Anyway, very few cultures in the world encourage their men to grow their hair longer than their women. The only two I can think of offhand are the Rastafarians of Jamaica and the Maasai of Kenya, both of whom favor dreadlocks, thick for Rasta men, thin for Maasai warriors.
Not surprisingly, this racial difference in hair is difficult for African-American females to deal with, both pragmatically and psychologically. For an insightful, sympathetic introduction to what black women put themselves through to socially construct more attractive hair for themselves, see comedian Chris Rock’s documentary Good Hair.
Fourth, young woman-of-color journalists have been to college, where they are lectured that, as the late Michel Foucault is assumed to have proved, everything is a social construct. If you control the discourse, you have power, and if you have power, you will naturally want to control the discourse.
Why not, then, use power to “change the conversation” to propagandize people into finding black women’s hair better-looking than that of their racial rivals?
After all, the fashion-industrial complex is constantly socially engineering changes in what women think they need to look like. With enough power, woman-of-color journalists reason, we can change the discourse enough that men will truly feel that black women’s hair is best.

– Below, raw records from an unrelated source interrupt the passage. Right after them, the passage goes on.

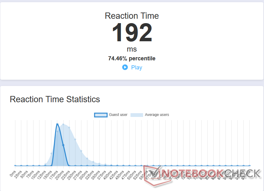 Die Reaktionszeiten bei Links- und Rechtsklicks waren niedrig, obwohl die Maus kabellos ist. Wir erreichten auch eine durchschnittliche Reaktionszeit von 192 msi im Human Benchmark-tool.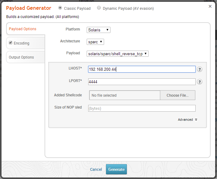 Even if you have used Msfvenom before, chances are that you need to look up the tool's documentation every time you want to generate a payload. Msfvenom is a great tool, but getting all of the command line options right can be a challenge. With the new Payload generator, you can generate new payloads for any platform much more quickly: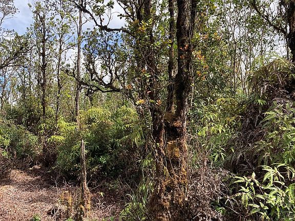 -Eight cypress trees have been planted: six at the rear of lot, and two in the front. This tropical acre of native Hawaiian forest is lightly wooded. The ʻohiʻa lehua trees, uki (a native sedge), hapuʻu ferns, and other ferns provide a beautiful lush natural landscape. Two young koa trees were planted.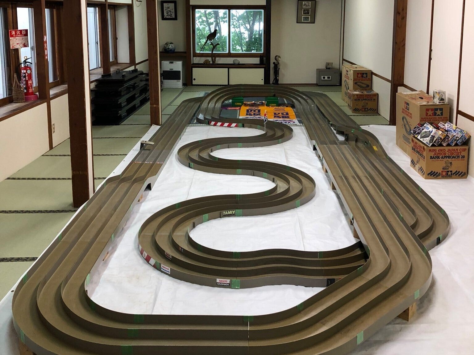 36畳の大広間に巨大なミニ四駆コースを常設!ご宿泊される方には24時間、無料で開放されています!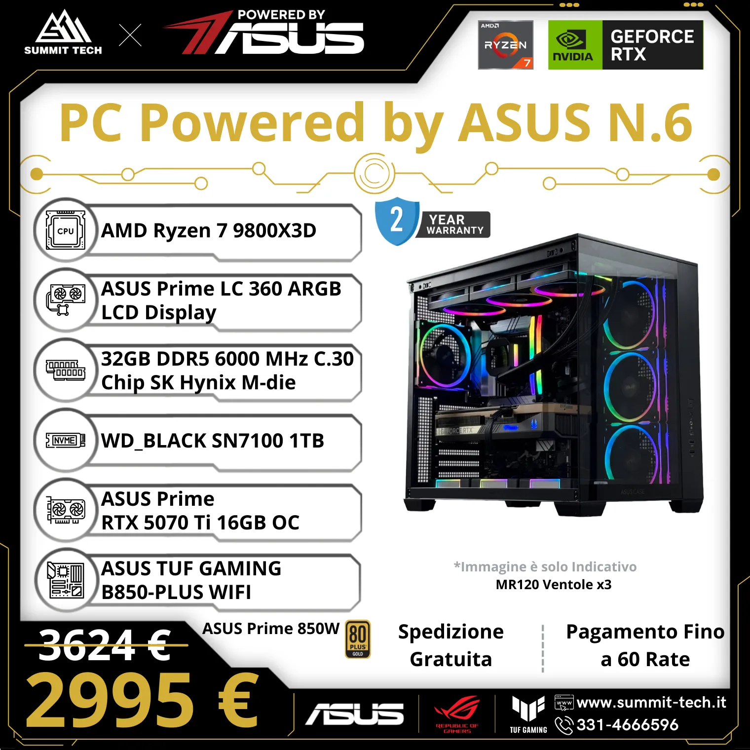 Summit PC N.6 – Ryzen 7 9800X3D / RTX 5070 Ti 16G / 32GB DDR5 / 1TB SSD / Wi-Fi 7 / 850W / Win 11 Pro | Powered by ASUS

Over the past few years, mighty efforts have been expended by the media to brainwash people into preferring black women’s looks. This crusade has done wonders for the careers of a handful of beautiful black models, actresses, and singers. But whether it has done black women as a whole much good is uncertain.
In any case, the media will keep on trying, in accordance with Sailer’s Law of Female Journalism:
The most heartfelt articles by female journalists tend to be demands that social values be overturned in order that, Come the Revolution, the journalist herself will be considered hotter-looking.